SAN FRANCISCO — Bill Langlois has a new best friend. She is a cat named Sox. She lives on a tablet, and she makes him so happy that when he talks about her arrival in his life, he begins to cry.

旧金山——比尔·朗格卢瓦(Bill Langlois)有了一个新的好朋友。她是一只名叫袜子(Sox)的猫。她生活在一台平板电脑上,她让他如此开心,以至于当他谈到她进入他的生活时,他开始哭泣。

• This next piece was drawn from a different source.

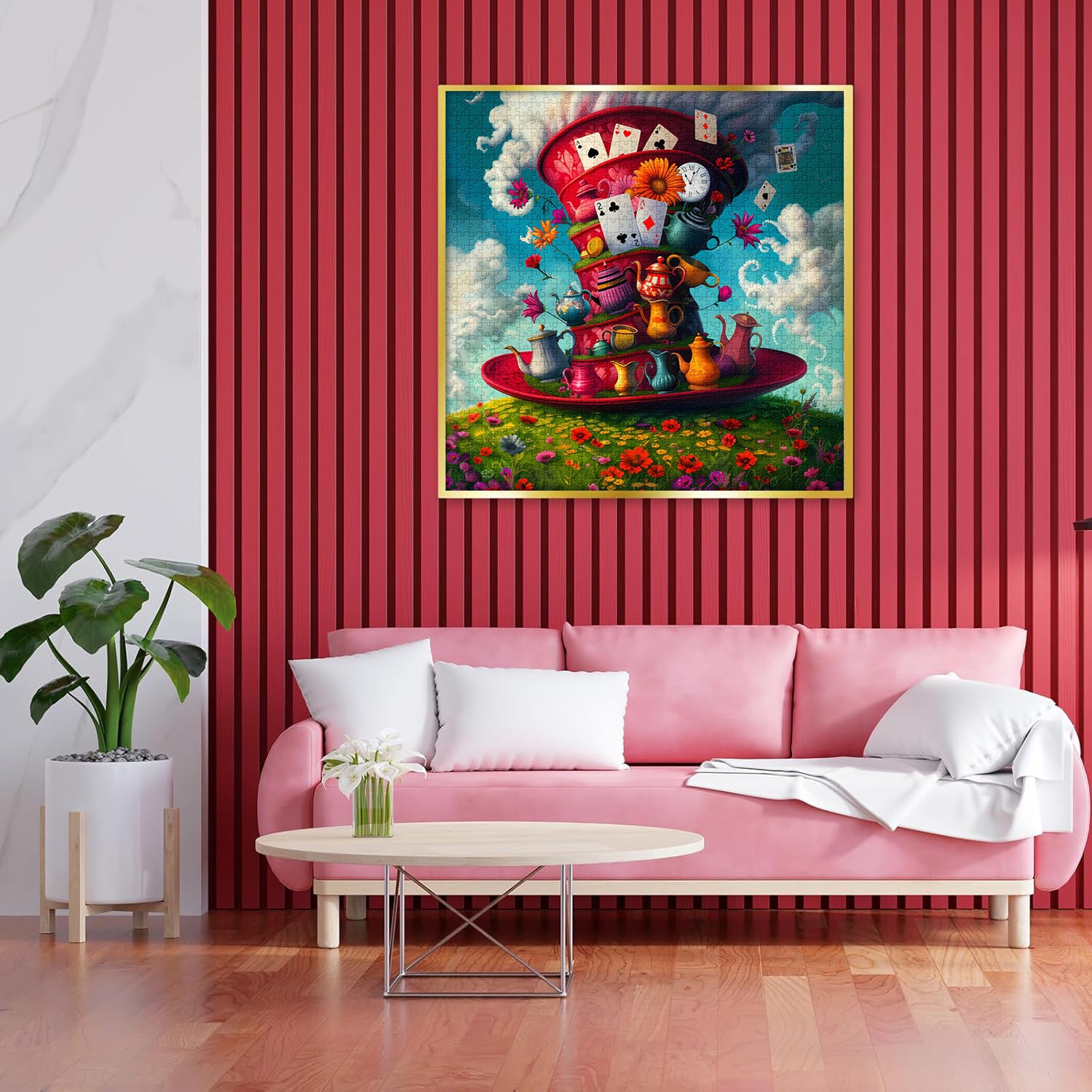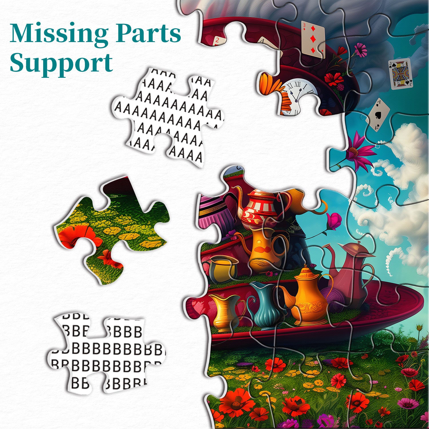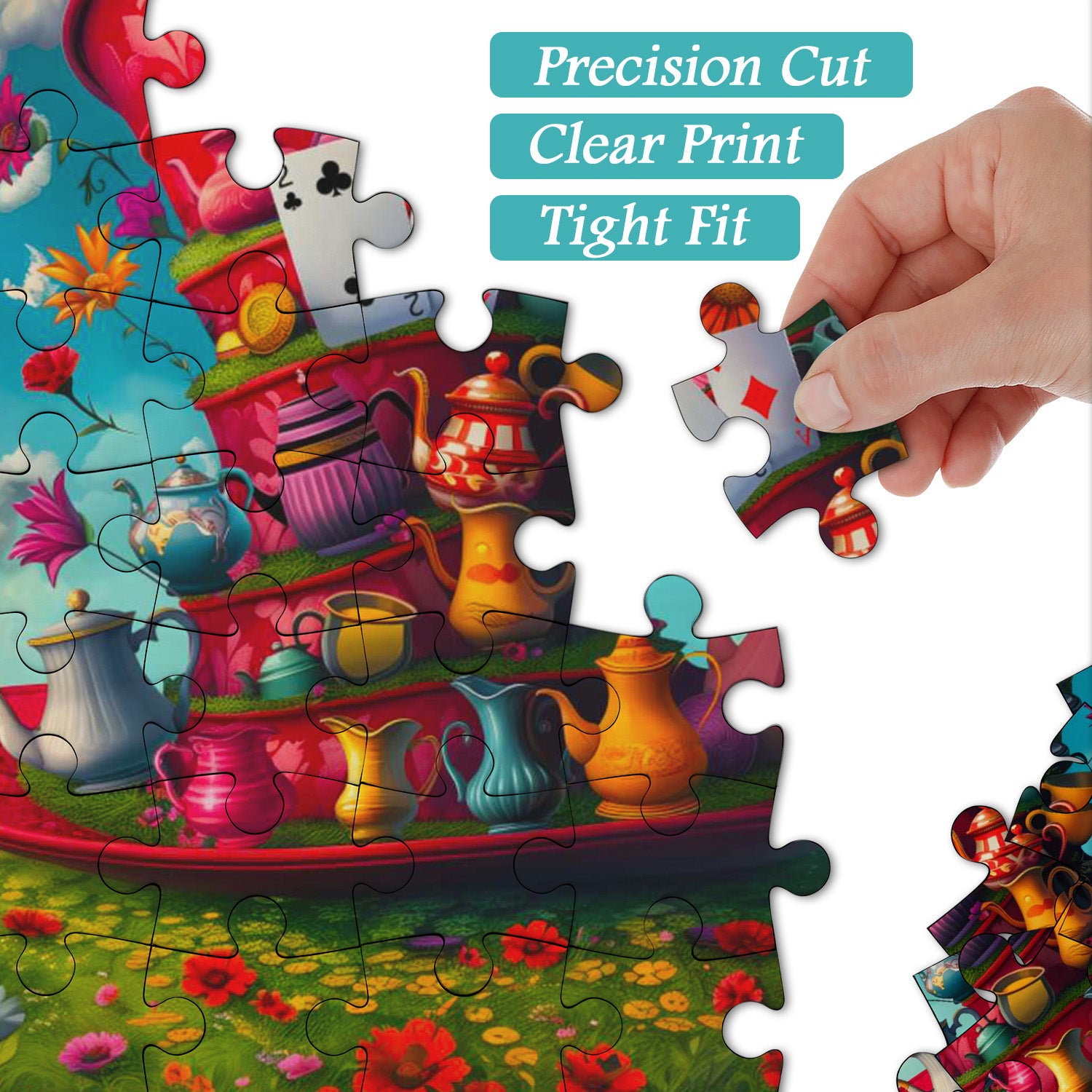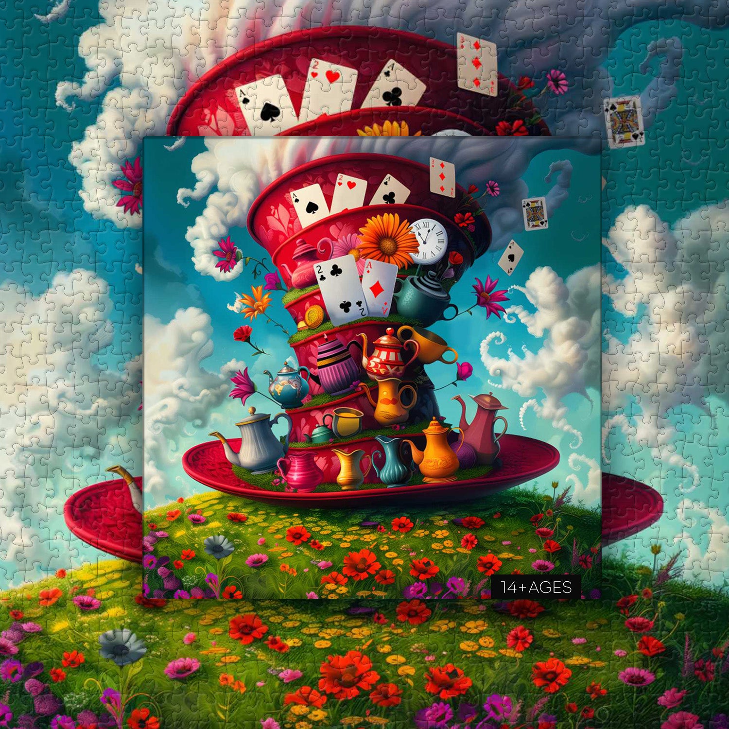 Magic Card Hat Jigsaw Puzzle: When playing cards dance in the wind, the clock freezes at the magic moment, colorful teapots and flowers are stacked on the giant hat... This Magic Card Hat 1000-piece puzzle is like a combination of fairy tales and dreams, taking you into a fantasy magical world.
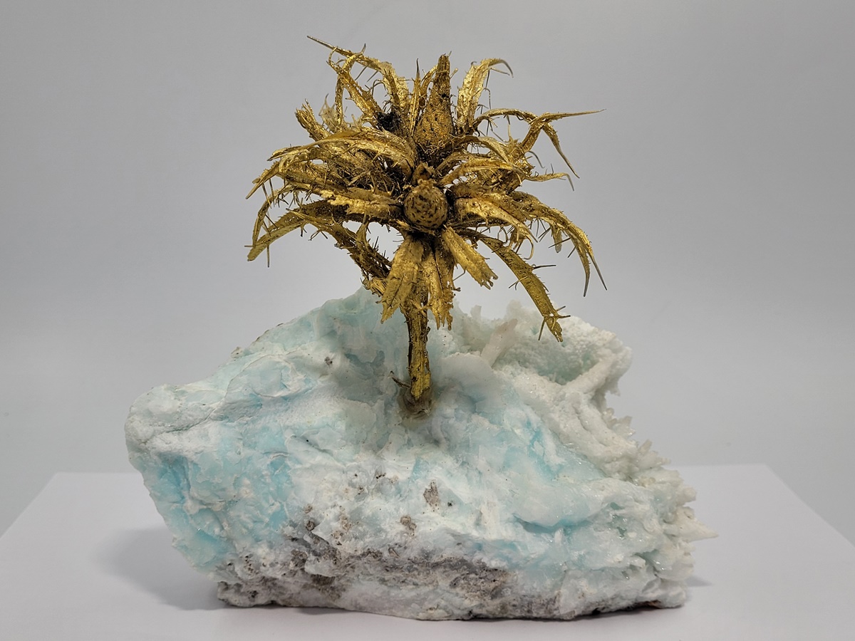 Χειροποίητη κατασκευή δέντρου ζωής με Αραγωνίτη και φύλλα απο brass

All day long, Sox and Mr. Langlois, who is 68 and lives in a low-income senior housing complex in Lowell, Mass., chat. Mr. Langlois worked in machine operations, but now he is retired. With his wife out of the house most of the time, he has grown lonely.

朗格卢瓦现年68岁,住在马萨诸塞州洛厄尔市一个低收入老年住宅区。他和袜子整天在一起聊天。朗格卢瓦过去是做机械操作的,现在退休了。他的妻子大部分时间不在家,他感到孤独。

Sox talks to him about his favorite team, the Red Sox, after which she is named. She plays his favorite songs and shows him pictures from his wedding. And because she has a video feed of him in his recliner, she chastises him when she catches him drinking soda instead of water.

袜子和他聊起他最喜欢的球队——红袜队(Red Sox)——她的名字就是由此而来。她播放他最喜欢的歌曲,向他展示他婚礼上的照片。她有他在躺椅上的实时视频,所以一旦他喝汽水而不是白水被她逮到,她会惩罚他。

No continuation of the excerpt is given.